Page:Sacher-Masoch - A Kolomea - Contes juifs et petits russiens, 1879.djvu/80

Le texte de cette page a été corrigé et est conforme au fac-similé.
70
À KOLOMEA.

» Il était devenu pâle, ses dents claquaient.

« Je mets le feu à ma cabane, répondit-elle avec son mauvais sourire. Nous allons mourir tous deux dans les flammes. »

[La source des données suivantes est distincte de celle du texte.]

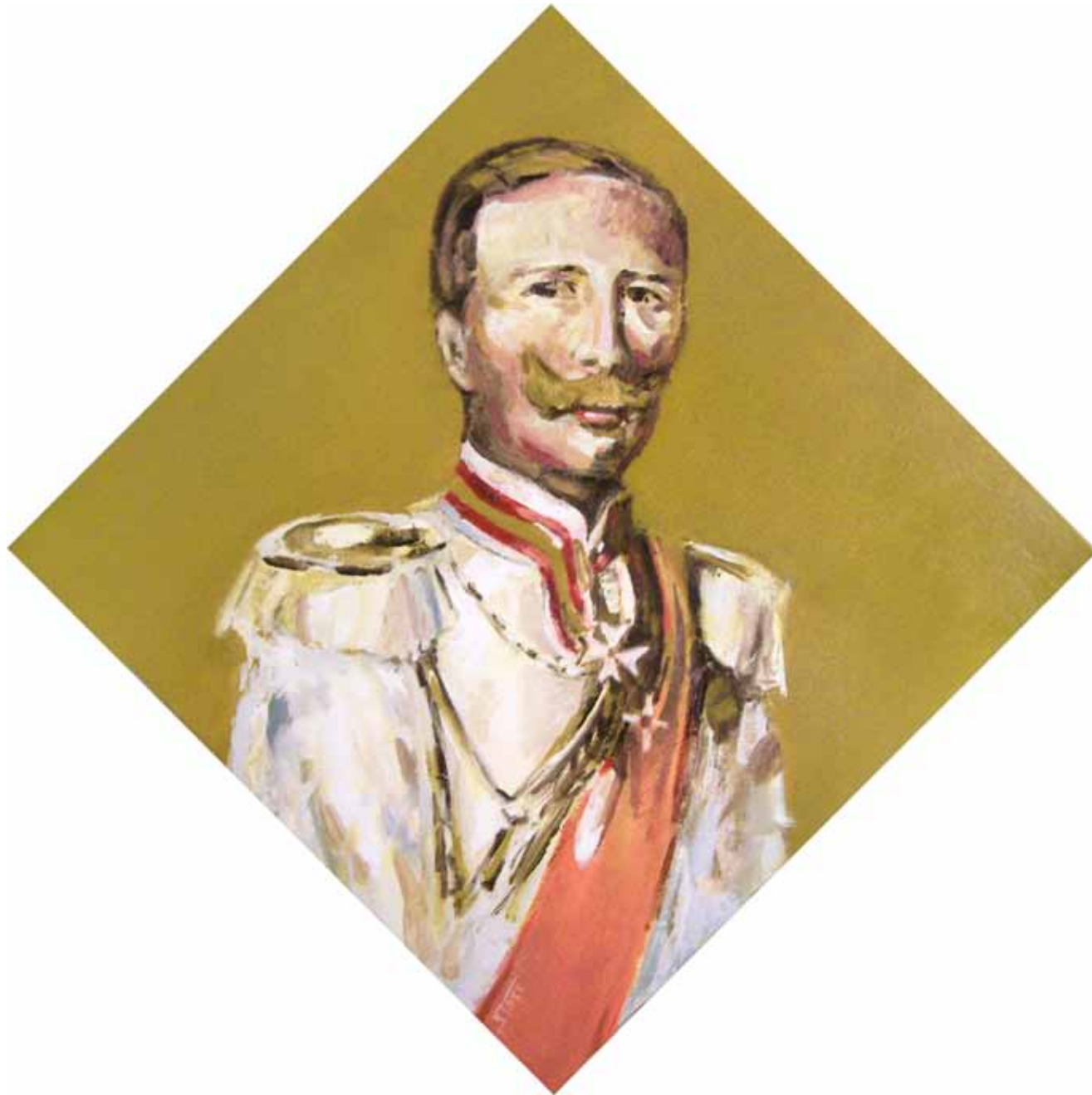
The Golden Moustache , 2010. Oil on Canvas, 20 x 20 inches

» Je voulus m’élancer dans la chambre ; je ne sais vraiment pas à quoi j’aurais servi, moi, pauvre et faible femme ! J’essayai d’ouvrir la porte. Elle était verrouillée, barricadée. J’appelai Éva Kwirinowa, je criai au secours ! Le grésillement des flammes seul me répondit, et la bise qui soufflait tristement dans la plaine remplissait la campagne d’une plainte aigre. Une angoisse indicible me saisit. Je ne parvins même pas à réciter une prière. Je m’éloignai en tremblant, et je m’enfuis, affolée, à travers la steppe. »

 

À ce moment, nous regardâmes tous dans la direction de la maison d’Éva Kwirinowa. L’incendie était éteint. La fumée serpentait mollement dans l’air, y entrelaçant ses brunes arabesques. La prairie était déserte. Nous étions seuls. Sur nos têtes étincelait la nuit de la steppe, cette nuit profonde, solennelle, avec son souffle embaumé et mystérieux, avec ses astres, rouges comme des aigrettes de braise.